__TASK DESCRIPTION__. Print the data exactly as written, line for line, and leave its pictures behind.

__DATASET CONTENT__.
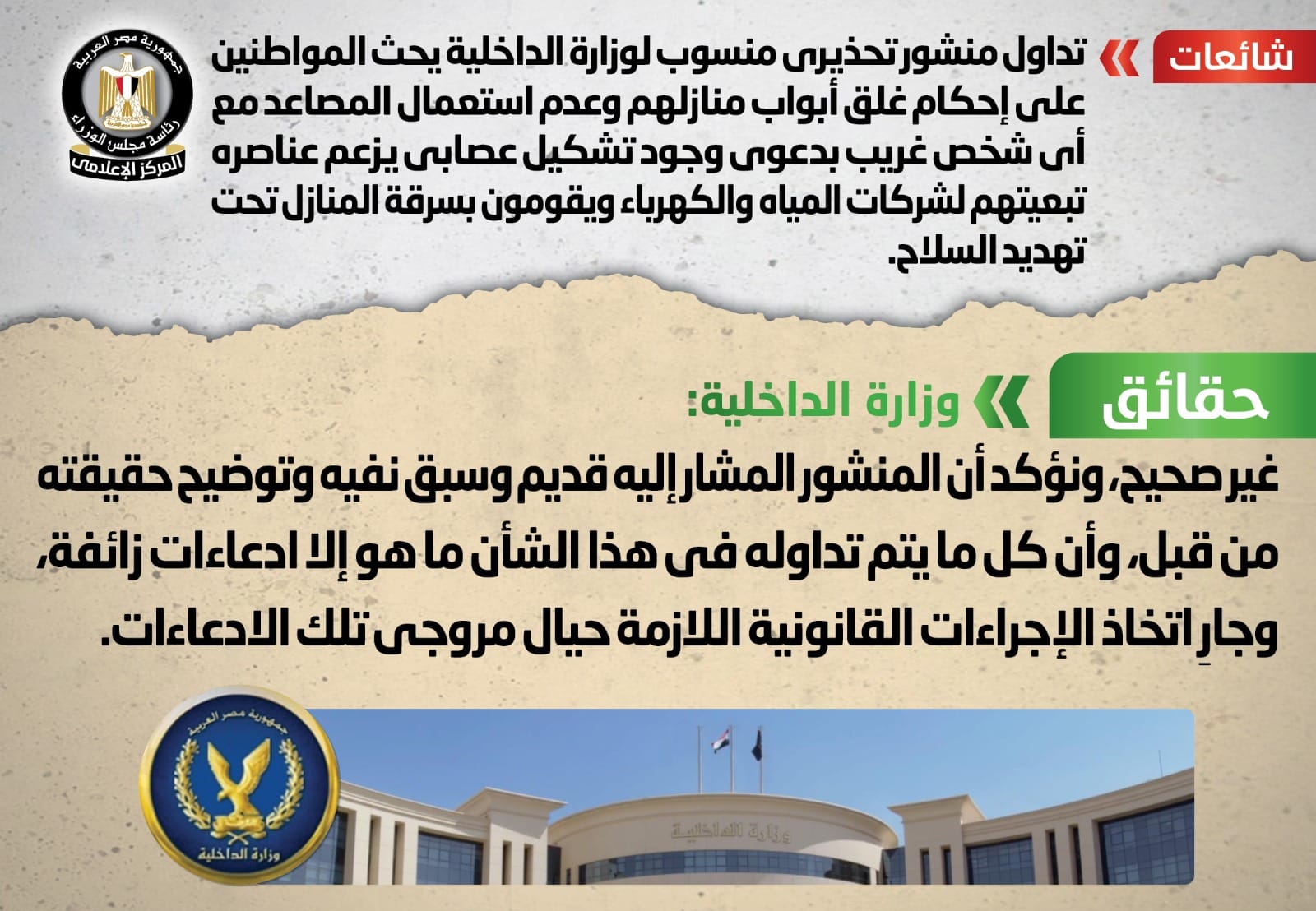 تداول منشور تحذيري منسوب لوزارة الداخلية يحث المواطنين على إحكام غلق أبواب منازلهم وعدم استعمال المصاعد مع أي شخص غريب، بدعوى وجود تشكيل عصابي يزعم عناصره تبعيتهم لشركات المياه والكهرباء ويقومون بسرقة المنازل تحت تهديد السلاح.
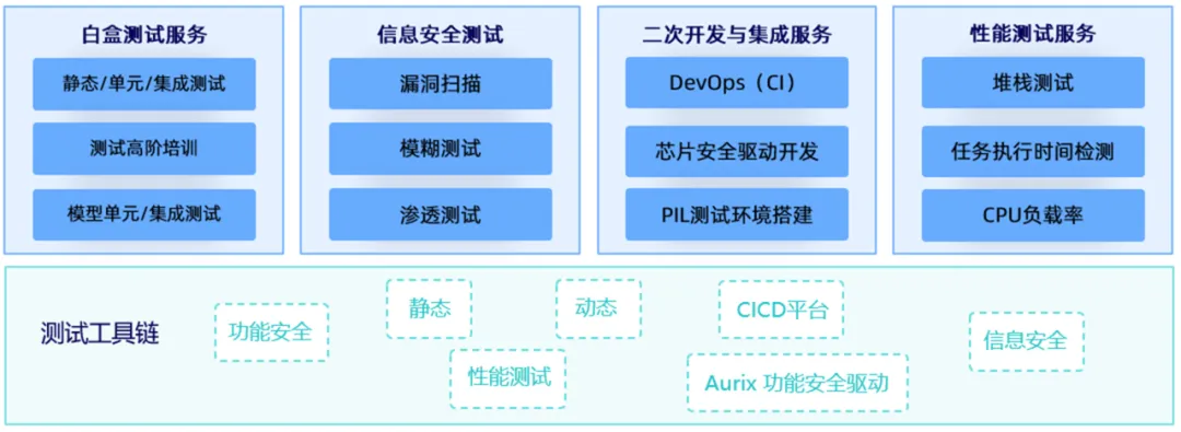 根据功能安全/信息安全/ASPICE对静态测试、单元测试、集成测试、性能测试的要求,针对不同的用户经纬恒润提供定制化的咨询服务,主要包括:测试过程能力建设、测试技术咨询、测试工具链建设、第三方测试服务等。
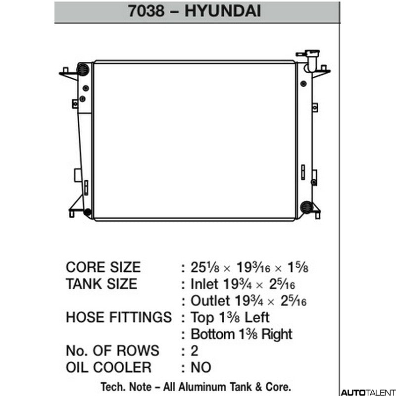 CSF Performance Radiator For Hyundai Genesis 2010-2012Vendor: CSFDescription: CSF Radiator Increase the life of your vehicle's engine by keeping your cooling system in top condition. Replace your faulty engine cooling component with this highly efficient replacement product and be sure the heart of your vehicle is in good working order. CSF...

__YOUR SOLUTION__.
 تداول منشور تحذيري منسوب لوزارة الداخلية يحث المواطنين على إحكام غلق أبواب منازلهم وعدم استعمال المصاعد مع أي شخص غريب، بدعوى وجود تشكيل عصابي يزعم عناصره تبعيتهم لشركات المياه والكهرباء ويقومون بسرقة المنازل تحت تهديد السلاح.
 根据功能安全/信息安全/ASPICE对静态测试、单元测试、集成测试、性能测试的要求,针对不同的用户经纬恒润提供定制化的咨询服务,主要包括:测试过程能力建设、测试技术咨询、测试工具链建设、第三方测试服务等。
 CSF Performance Radiator For Hyundai Genesis 2010-2012Vendor: CSFDescription: CSF Radiator Increase the life of your vehicle's engine by keeping your cooling system in top condition. Replace your faulty engine cooling component with this highly efficient replacement product and be sure the heart of your vehicle is in good working order. CSF...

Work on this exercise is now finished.